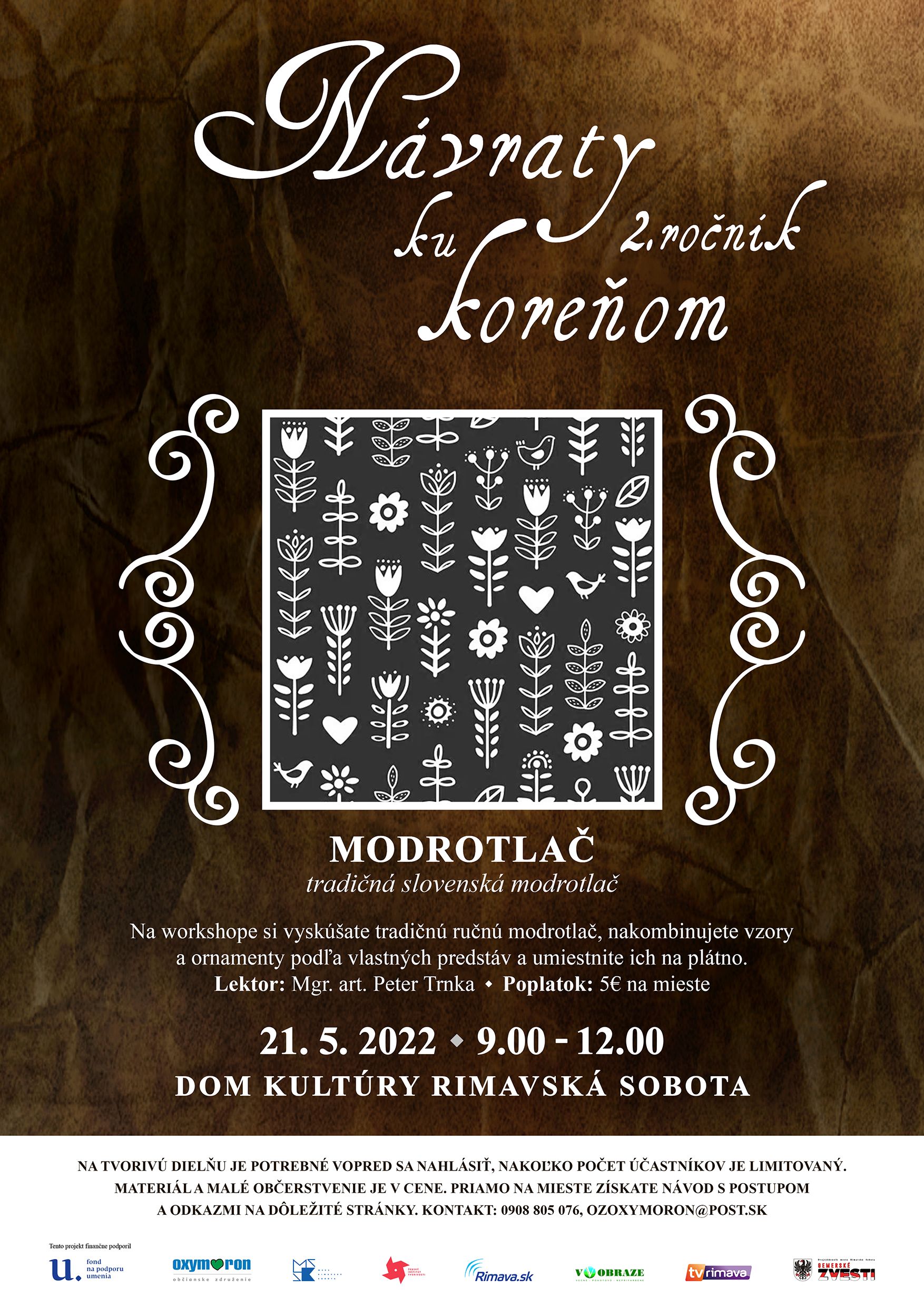 Témou druhej tvorivej dielne projektu Návraty ku koreňom 2 bude „Tradičná slovenská modrotlač“. Pod vedením lektora Mgr. art. Petra Trnku sa dozvieme o tejto technike viac a aj si ju prakticky vyskúšame v sobotu, 21. 5., v čase od 9.00 – 12.00 hod. v Dome kultúry. Poplatok 5€ / platba na mieste. Projekt z verejných zdrojov podporil Fond na podporu umenia.
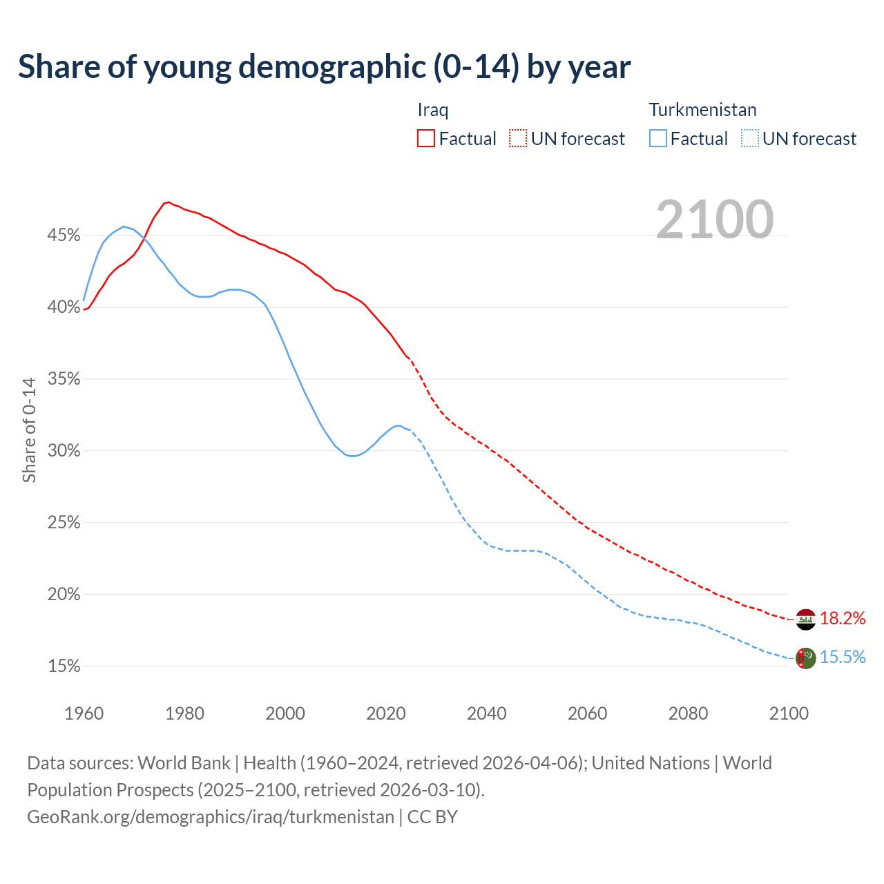 - The share of young demographic (0-15 years old) in Iraq is 36.6% vs 31.5% in Turkmenistan.
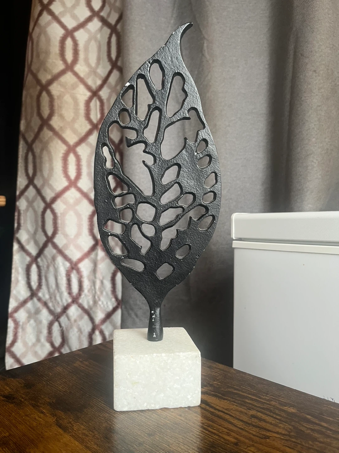 This is a lovely metal leaf sculpture mounted on a marble base. It would look great as a decorative piece in any room of your house!
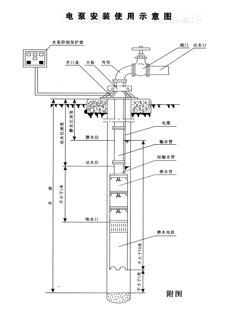 (4)熟悉安裝使用說明書,對新鉆的水井必須進(jìn)行洗井,清除水中泥砂后,方能安裝QJ型潛水電泵。
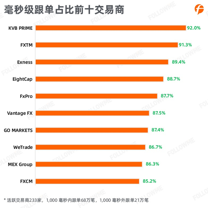 FOLLOWME 交易社区2020上半年各交易商账户跟单近90万笔,其中68万笔跟随订单的开平仓在 1,000 毫秒内完成,占比达到76.1%。
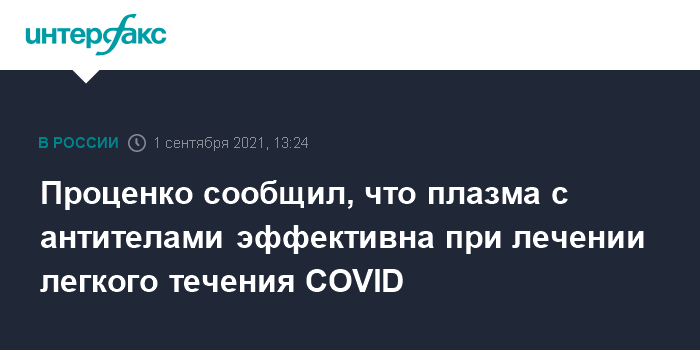"У нас сейчас есть понимание, когда плазма эффективна и у кого она эффективна. Она эффективна в начале заболевания у пациентов, у которых COVID-19 не развивается в тяжелой форме", - сказал Проценко, отвечая на вопрос "Интерфакса" в рамках марафона "Новое знание".
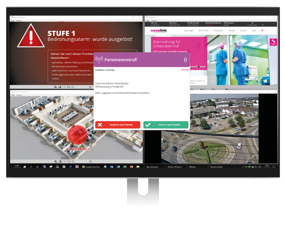 Stille Alarmierungssoftware ermöglicht unauffällige Hilferufe bei Bedrohungslagen, z. B. Frontdesk, Sozialdienst, Verwaltung.
★ ★ ★ ★
**WHAT IS EXPECTED**
Would you retype the material exactly, omitting each picture?

**TASK ANSWER**
 Témou druhej tvorivej dielne projektu Návraty ku koreňom 2 bude „Tradičná slovenská modrotlač“. Pod vedením lektora Mgr. art. Petra Trnku sa dozvieme o tejto technike viac a aj si ju prakticky vyskúšame v sobotu, 21. 5., v čase od 9.00 – 12.00 hod. v Dome kultúry. Poplatok 5€ / platba na mieste. Projekt z verejných zdrojov podporil Fond na podporu umenia.
 - The share of young demographic (0-15 years old) in Iraq is 36.6% vs 31.5% in Turkmenistan.
 This is a lovely metal leaf sculpture mounted on a marble base. It would look great as a decorative piece in any room of your house!
 (4)熟悉安裝使用說明書,對新鉆的水井必須進(jìn)行洗井,清除水中泥砂后,方能安裝QJ型潛水電泵。
 FOLLOWME 交易社区2020上半年各交易商账户跟单近90万笔,其中68万笔跟随订单的开平仓在 1,000 毫秒内完成,占比达到76.1%。
"У нас сейчас есть понимание, когда плазма эффективна и у кого она эффективна. Она эффективна в начале заболевания у пациентов, у которых COVID-19 не развивается в тяжелой форме", - сказал Проценко, отвечая на вопрос "Интерфакса" в рамках марафона "Новое знание".
 Stille Alarmierungssoftware ermöglicht unauffällige Hilferufe bei Bedrohungslagen, z. B. Frontdesk, Sozialdienst, Verwaltung.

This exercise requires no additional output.